それでは、ISO22716を取得するメリットを紹介します。

取引先や消費者に自社の競争力をアピールできる

化粧品市場はグローバル化が進み、ポストコロナにおいて市場規模は回復傾向にあります。そのため、非常に多くの新商品が出回っている中で、他社商品との差別化に悩んでいる化粧品会社も多いでしょう。
ISO22716を取得し、取引先や消費者にアピールすることで、自社商品の強みとして競争力を示せるのです。

また、多くの国や地域においてISO22716の内容が考慮されていることが多いため、海外進出の際にも、自社商品の品質をアピールできます。

法令遵守が期待できる

化粧品業界にかかわる法令には、以下のようなものがあります。

  • 薬機法
  • 消防法(危険物)
  • 化粧品の表示に関する公正競争規約
  • 製造物責任法

こうした法令一つひとつに適合するようにしていると、法定点検の際に都度対応する必要があります。しかし、ISO22716を取得している場合には、規格の中でこうしたコンプライアンスへの対応が求められます。そのため、法定点検があった際にも、規格に適合する体制を整えることで、法令においてもスムーズに適合できるでしょう。

製品の製造における業務効率化

品質管理のマネジメントシステムを構築・運用する過程で、現状の業務プロセスや工程を見直す必要があります。
合理的な管理体制を築くうえで、無駄な業務が見つかった場合には是正することが求められるため、業務効率化につながるのです。

リコール・クレームの減少や予防

品質管理における方針やマニュアル・ルール、手順が明確になることで、製造における業務の標準化が進みます。属人的な場合には、従業員の経験やノウハウに左右されやすくなり、品質にムラが出やすい一方、標準化されることで、製品不良は低減するでしょう。
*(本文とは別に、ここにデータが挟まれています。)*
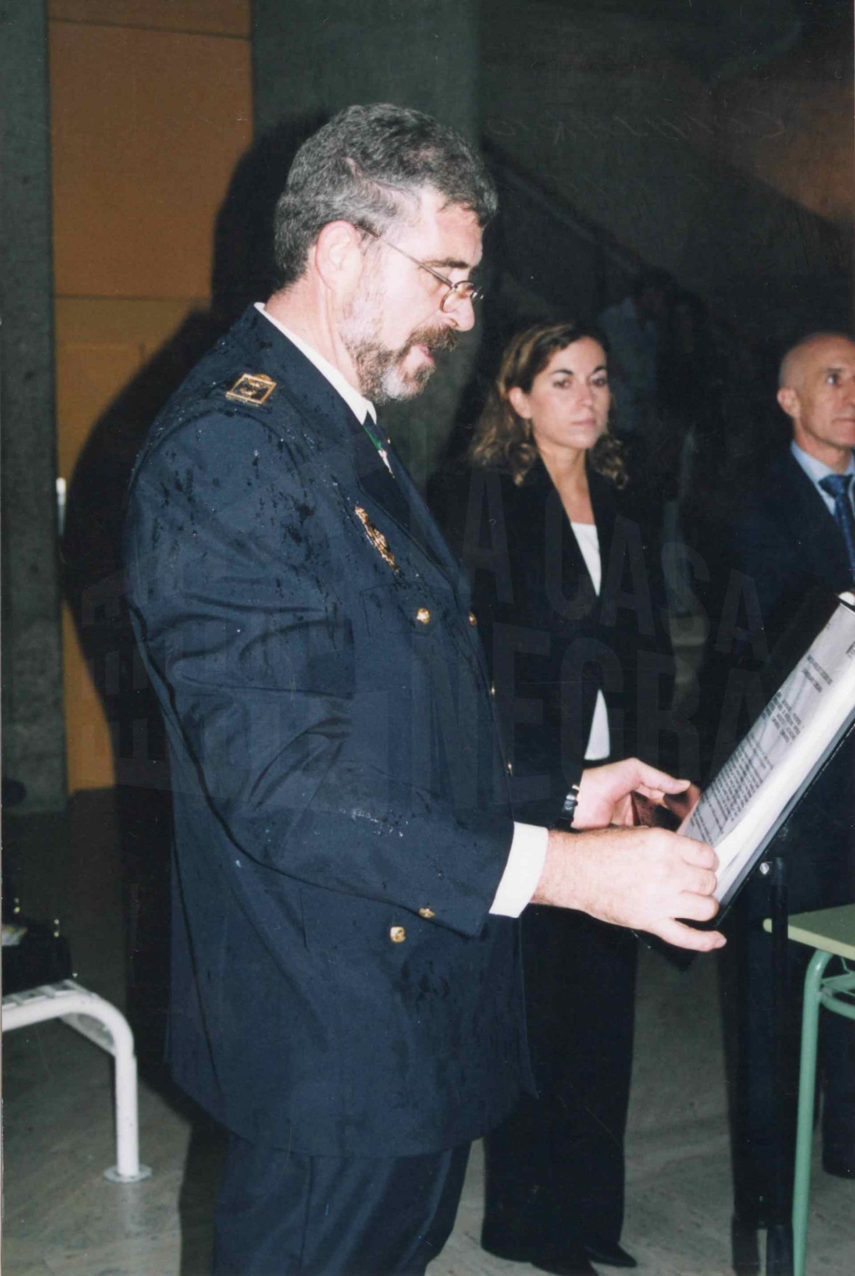 Reverso: "FIESTA DE LA POLICIA NACIONAL DELEGADO DE PATRIMONIO JAVIER TRUEBA Y DUQUE DE FERNAN NUÑEZ 02 OCT 2003"

そのため、ISO22716を取得することで、リコール・クレームの減少や予防につながるのです。

まとめ

ISO22716とは、化粧品の製造における品質や安全性維持のための規格です。品質管理を徹底するため、製造メーカーだけでなく製造から出荷まで、幅広いサプライチェーンが対象となります。
ISO22716を取得することで、国際的な基準を満たすことにつながることから、市場への競争力をアピール可能です。特に、海外進出を検討している企業には、大きな強みとなるでしょう。また、一度問題になると信用が失墜してしまうリコールやクレームの予防も期待できます。

自社の優位性を高めるために、ISO22716の取得を検討してみてはいかがでしょうか。